DIRECTIONS FOR THIS TASK: Begin at the line that holds "内容物 | カタログギフト" and retype every line through the end of the material, both included. Leave out the pictures.

COLLECTED DATA:
▶
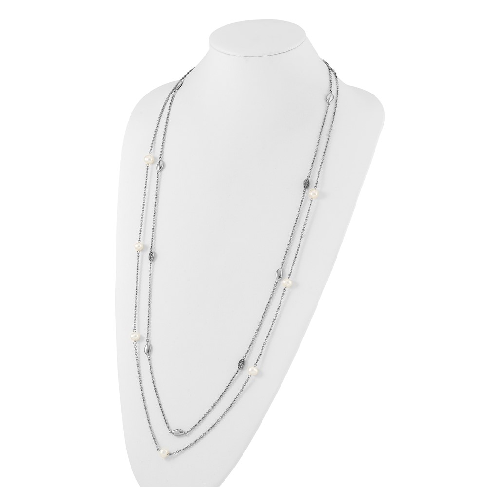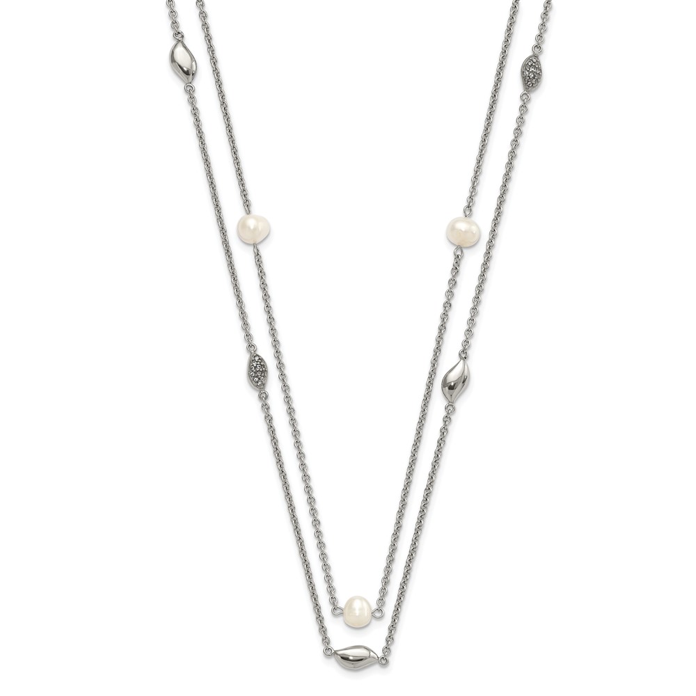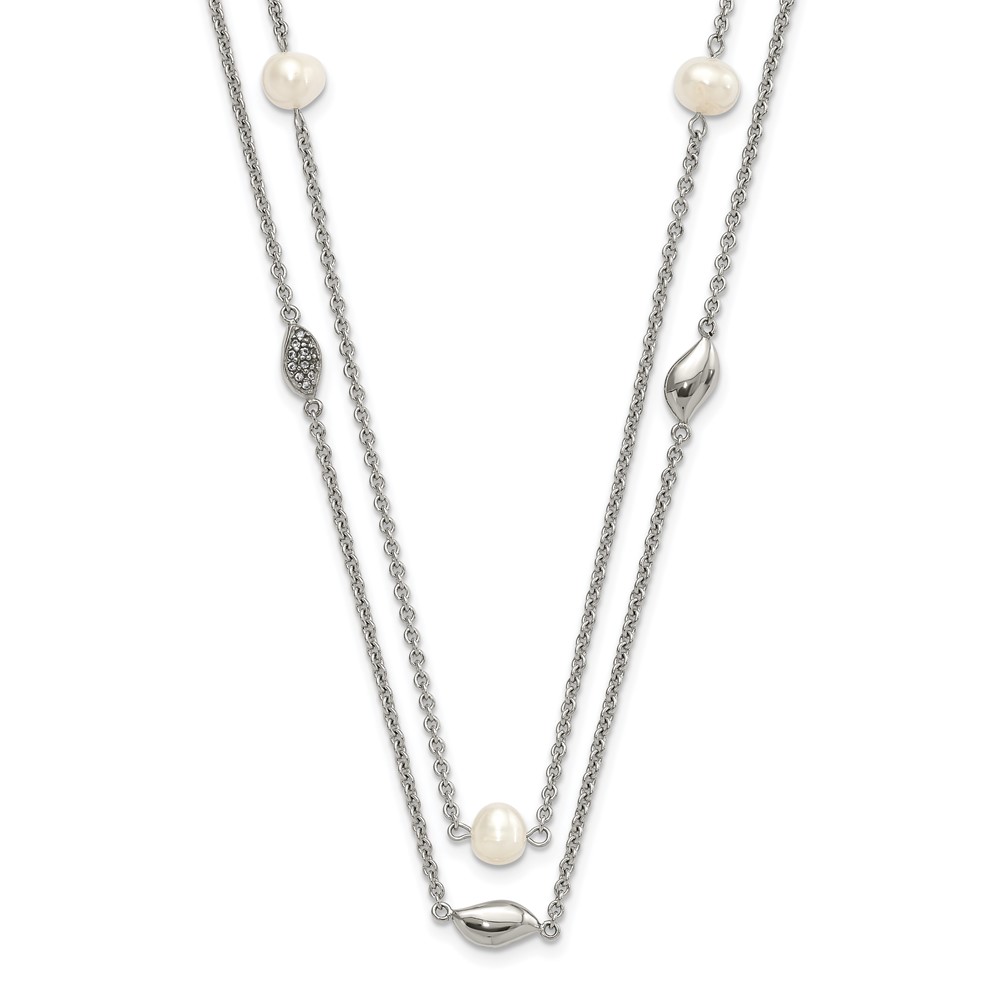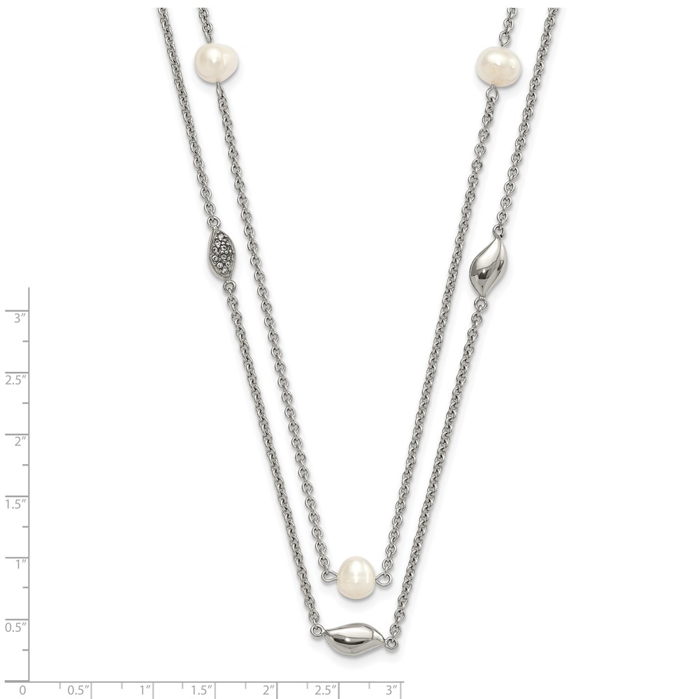 Stainless Steel Polished 2 Strand Freshwater Cultured Pearls & CZ w/ 2in ext. Necklace
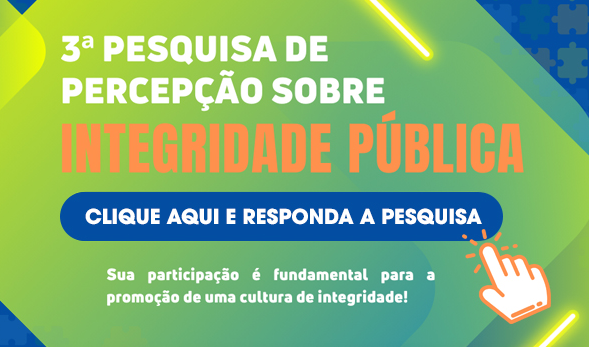 DATA: 23/09/2025 – A Superintendência de Integridade (SINT) e a Unidade de Gestão de Integridade (UGI) solicitam a ampla divulgação e o engajamento do corpo docente e administrativo dessa Unidade de Ensino na 3ª Pesquisa de Percepção sobre Integridade Pública, que está sendo realizada por iniciativa da
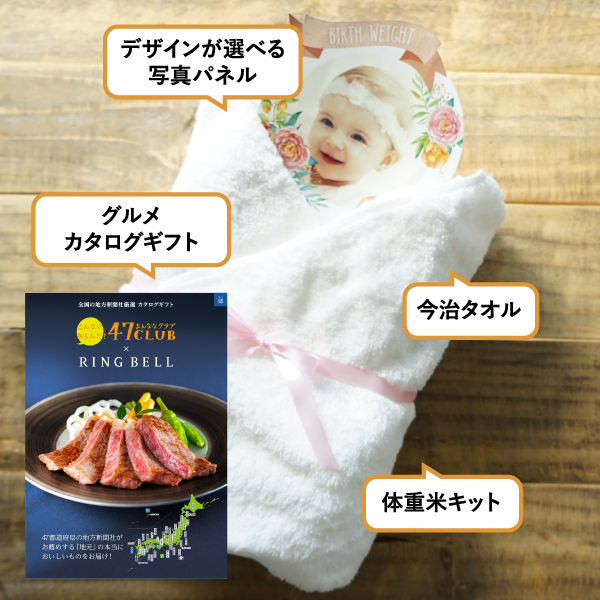 | 内容物 | カタログギフト 47CLUB【10000円コース】郷(さと)×1、PREMIUM バスタオル1枚(ホワイト)×1、リボン、米袋、お写真入りパネル |
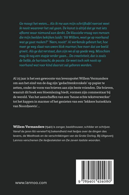 Levenspoëet Willem Vermandere bundelt zijn mooiste brieven Ge moogt het weten... Als ik me aan mijn schrijftafel neerzet weet ik nooit waarover het zal gaan. De kunst is altijd dat ge met iets afkomt waar niemand aan denkt. De klassieke vraag van mensen die mijn beelden bekijken luidt: 'Hé Willem, weet ge op voorhand wat ge gaat maken?' 'Neen, nooit!' Al werkende gebeurt het, hoe meer ge weg slaat van uwen blok marmer, hoe meer dat uw beeld groeit. Als ge dat verstaat, dan zijn we al op goede weg. Misschien mag ik nog een stapje verder gaan... De creativiteit, dat is zoals de liefde, de hartstocht, de passie. Ge weet toch ook nooit op voorhand wat voor kind daaruit zal geboren worden. Al 25 jaar is het een gewoonte van levenspoëet Willem Vermandere om aan het eind van de dag zijn 'gedachtenkronkels' op papier te zetten, onder de vorm van brieven aan zijn beste vrienden. Die brieven, waaruit dit boek een bloemlezing biedt, vormen zijn commentaar bij de wereld. Van het aanschaffen van een ‘heuse echte tekstverwerker' tot het kappen in marmer of het genieten van een 'lekkere hutsekluts van Noordzeevis'...
◀
TASK RESPONSE:
 | 内容物 | カタログギフト 47CLUB【10000円コース】郷(さと)×1、PREMIUM バスタオル1枚(ホワイト)×1、リボン、米袋、お写真入りパネル |
 Levenspoëet Willem Vermandere bundelt zijn mooiste brieven Ge moogt het weten... Als ik me aan mijn schrijftafel neerzet weet ik nooit waarover het zal gaan. De kunst is altijd dat ge met iets afkomt waar niemand aan denkt. De klassieke vraag van mensen die mijn beelden bekijken luidt: 'Hé Willem, weet ge op voorhand wat ge gaat maken?' 'Neen, nooit!' Al werkende gebeurt het, hoe meer ge weg slaat van uwen blok marmer, hoe meer dat uw beeld groeit. Als ge dat verstaat, dan zijn we al op goede weg. Misschien mag ik nog een stapje verder gaan... De creativiteit, dat is zoals de liefde, de hartstocht, de passie. Ge weet toch ook nooit op voorhand wat voor kind daaruit zal geboren worden. Al 25 jaar is het een gewoonte van levenspoëet Willem Vermandere om aan het eind van de dag zijn 'gedachtenkronkels' op papier te zetten, onder de vorm van brieven aan zijn beste vrienden. Die brieven, waaruit dit boek een bloemlezing biedt, vormen zijn commentaar bij de wereld. Van het aanschaffen van een ‘heuse echte tekstverwerker' tot het kappen in marmer of het genieten van een 'lekkere hutsekluts van Noordzeevis'...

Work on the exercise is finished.